BMO Raises Brinker International Price Target to $170, Forecasts EPS Drop and Revenue Gain
On January 6, BMO Capital reiterated a Market Perform rating on Brinker International and raised its price target from $140 to $170. The stock closed down 1.35% at $149.48 ahead of an expected 10.36% EPS decline to $2.51 and a 3.12% revenue increase to $1.4 billion.
1. Strong Brand-Level Sales and Margin Expansion
Brinker International’s flagship Chili’s brand reported comparable restaurant sales growth of 21.4% over the past quarter, firmly outpacing peer averages. Operating margins at Chili’s expanded by 270 basis points year-over-year, reaching 16.2%. This performance reflects successful menu innovations, targeted marketing campaigns, and improved labor efficiencies. Over the last twelve months, Brinker’s overall system same-store sales growth exceeded industry benchmarks, contributing to a 14% increase in total shareholder return over that period.

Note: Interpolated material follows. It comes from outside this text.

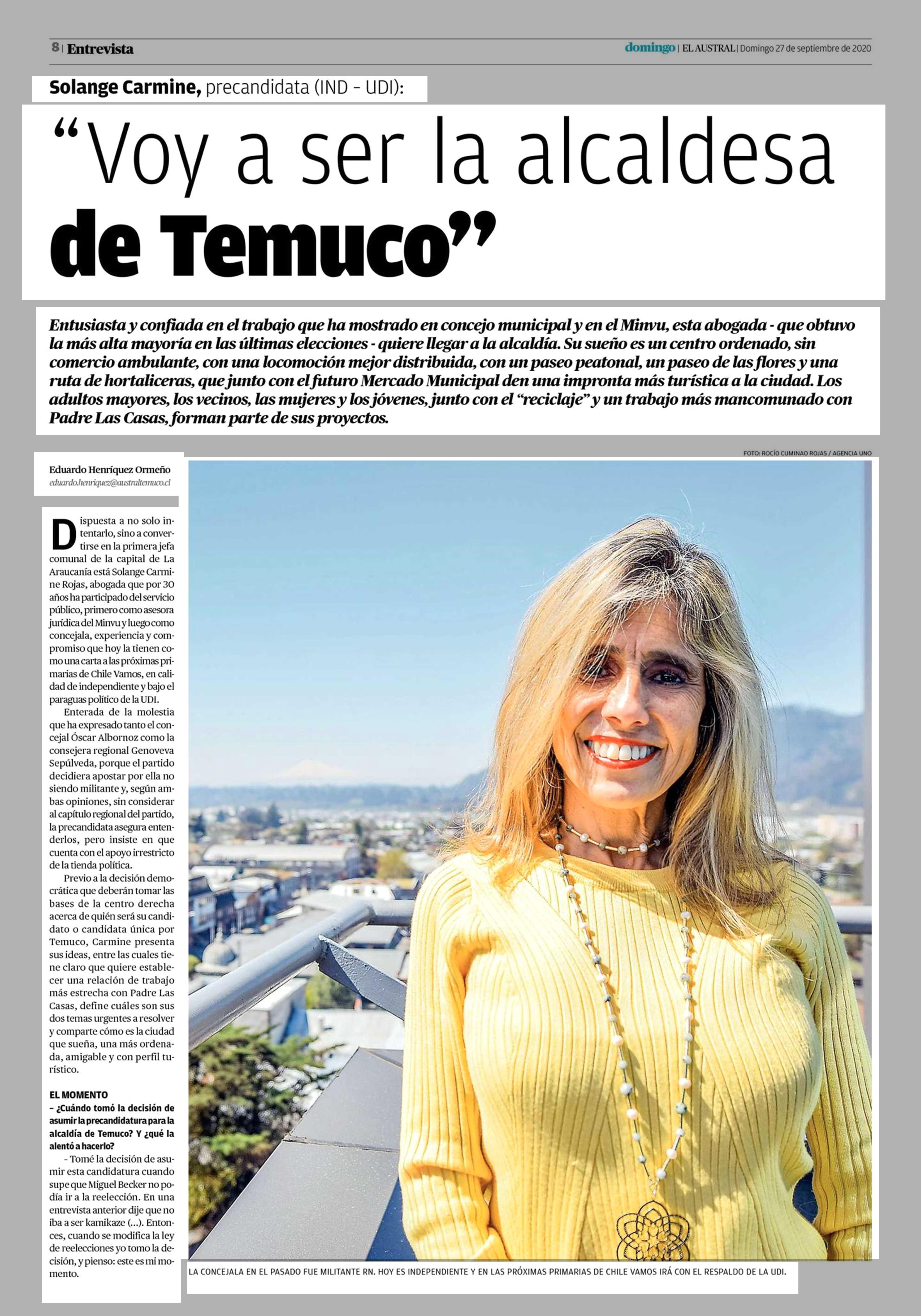 “Voy a ser la alcaldesa de Temuco” 27-09-2020 El Austral de la Araucanía |

2. Analyst Ratings and Earnings Forecasts
Equity research firms continue to express confidence in Brinker, with one major analyst maintaining a “buy” recommendation and forecasting additional upside based on improving restaurant industry dynamics. Another leading bank reiterated a neutral rating but lifted its long-term earnings forecast, anticipating an upcoming quarterly EPS decline of approximately 10% on a year-over-year basis, offset by an expected revenue increase of just over 3%. These projections underscore the company’s ability to navigate a challenging cost environment while still driving modest top-line growth.

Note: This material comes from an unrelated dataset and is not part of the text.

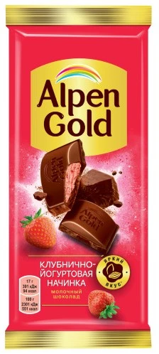 Шоколад Aльпен Голд с клубнично-йогуртовой начинкой 80 г

3. Cash Flow Strength and Leverage Profile
Brinker sustained robust free cash flow generation, reporting sequential quarterly free cash flow margins above 8%. The company ended its most recent fiscal period with net leverage below 2.0x, providing ample capacity to fund ongoing restaurant remodels and technology investments. Management reiterated plans to reinvest in digital ordering platforms and frequency-driving initiatives, while remaining committed to returning capital to shareholders through dividends and opportunistic share repurchases.